• What the task requires: Only text is carried over. Reproduce the entries below exactly.

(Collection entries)
= Beginning of Section =

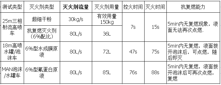 三相射流技術(shù)是一種集多種類型滅火劑優(yōu)點于一身的技術(shù),對石油化工火災(zāi)的滅火效果尤其突出。為驗證三相射流消防車的滅火效果,本公司與公安部滅火救援重點實驗室合 作,對三相射流與消防部隊目前常用的氟蛋白泡沫滅火劑和水成膜泡沫滅火劑進行滅火效能對比試驗,對所選滅火劑的用量、控火時間、滅火時間和抗復(fù)燃性等滅火技術(shù)參數(shù)進行對比。
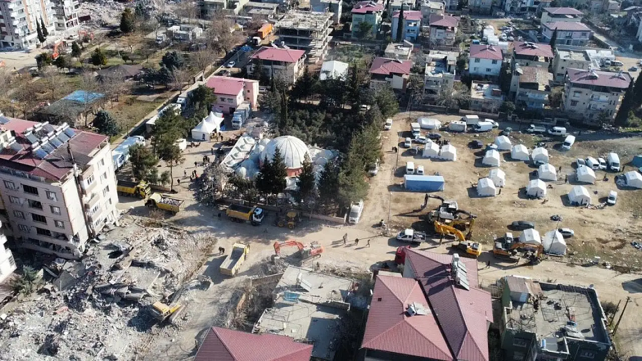 Gaziantep'in İslahiye ilçesinde depremin vurduğu binalar havadan görüntülendi. Arama ve kurtarma çalışmalarının sona erdiği binalarda iş makineleri enkaz kaldırmaya devam ederken, vatandaşlar gıda ve kıyafet ihtiyaçlarını gönüllüler tarafından oluşturulan noktalardan temin ediyor.
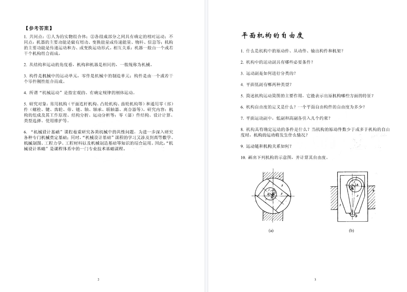 前导基础:必须精通 平面机构自由度计算,能熟练处理复合铰链、局部自由度、虚约束。这是所有机构分析的起点。
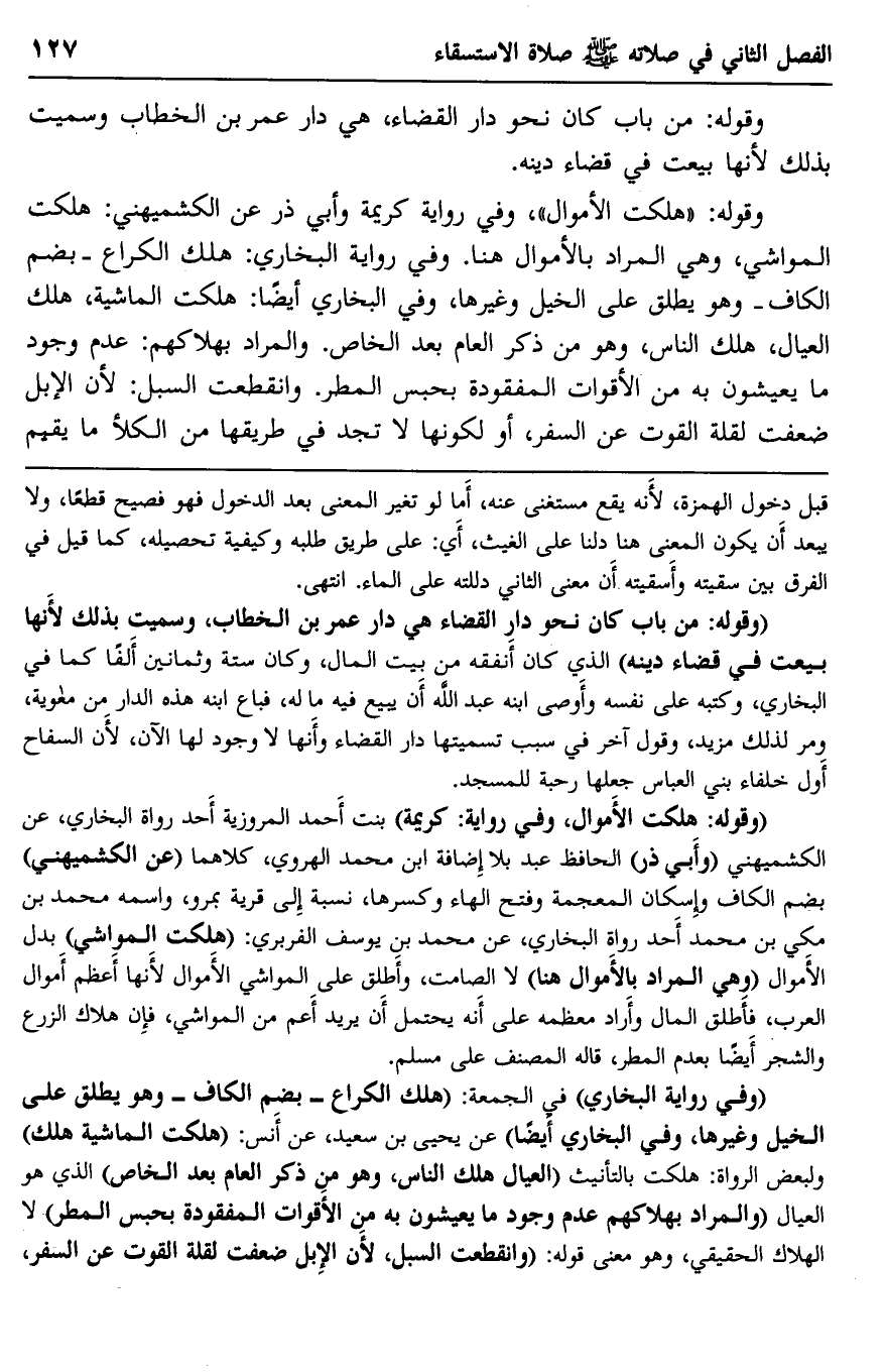 "وقوله: هلكت الأموال، وفي رواية: كريمة" بنت أحمد المروزية أحد رواة البخاري، عن الكشميهني "وأبي ذر" الحافظ عبد بلا إضافة ابن محمد الهروي، كلاهما "عن الكشميهني" بضم الكاف وإسكان المعجمة وفتح الهاء وكسرها، نسبة إلى قرية بمرو، واسمه محمد بن مكي بن محمد أحد رواة البخاري، عن محمد بن يوسف الفربري: "هلكت المواشي" بدل الأموال "وهي المراد بالأموال هنا" لا الصامت، وأطلق على المواشي الأموال؛ لأنها أعظم أموال العرب، فأطلق وأراد معظمه على أنه يحتمل أن يريد أعم من المواشي، فإن هلاك الزرع والشجر أيضا بعدم المطر، قاله المصنف على مسلم.
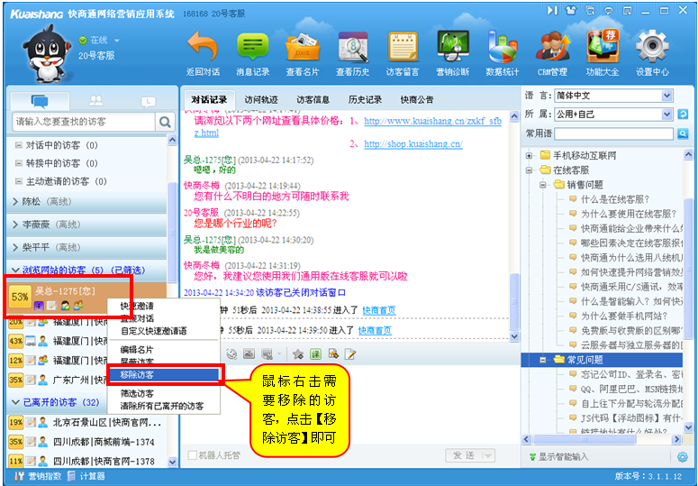 1、好處:當訪客一直騷擾你時,為了不影響你的正常使用同時又不失我們的服務,可移除它,對話列表自動消失,但訪客可正常進入對話;

= End of Section =

• The completed task:
 三相射流技術(shù)是一種集多種類型滅火劑優(yōu)點于一身的技術(shù),對石油化工火災(zāi)的滅火效果尤其突出。為驗證三相射流消防車的滅火效果,本公司與公安部滅火救援重點實驗室合 作,對三相射流與消防部隊目前常用的氟蛋白泡沫滅火劑和水成膜泡沫滅火劑進行滅火效能對比試驗,對所選滅火劑的用量、控火時間、滅火時間和抗復(fù)燃性等滅火技術(shù)參數(shù)進行對比。
 Gaziantep'in İslahiye ilçesinde depremin vurduğu binalar havadan görüntülendi. Arama ve kurtarma çalışmalarının sona erdiği binalarda iş makineleri enkaz kaldırmaya devam ederken, vatandaşlar gıda ve kıyafet ihtiyaçlarını gönüllüler tarafından oluşturulan noktalardan temin ediyor.
 前导基础:必须精通 平面机构自由度计算,能熟练处理复合铰链、局部自由度、虚约束。这是所有机构分析的起点。
 "وقوله: هلكت الأموال، وفي رواية: كريمة" بنت أحمد المروزية أحد رواة البخاري، عن الكشميهني "وأبي ذر" الحافظ عبد بلا إضافة ابن محمد الهروي، كلاهما "عن الكشميهني" بضم الكاف وإسكان المعجمة وفتح الهاء وكسرها، نسبة إلى قرية بمرو، واسمه محمد بن مكي بن محمد أحد رواة البخاري، عن محمد بن يوسف الفربري: "هلكت المواشي" بدل الأموال "وهي المراد بالأموال هنا" لا الصامت، وأطلق على المواشي الأموال؛ لأنها أعظم أموال العرب، فأطلق وأراد معظمه على أنه يحتمل أن يريد أعم من المواشي، فإن هلاك الزرع والشجر أيضا بعدم المطر، قاله المصنف على مسلم.
 1、好處:當訪客一直騷擾你時,為了不影響你的正常使用同時又不失我們的服務,可移除它,對話列表自動消失,但訪客可正常進入對話;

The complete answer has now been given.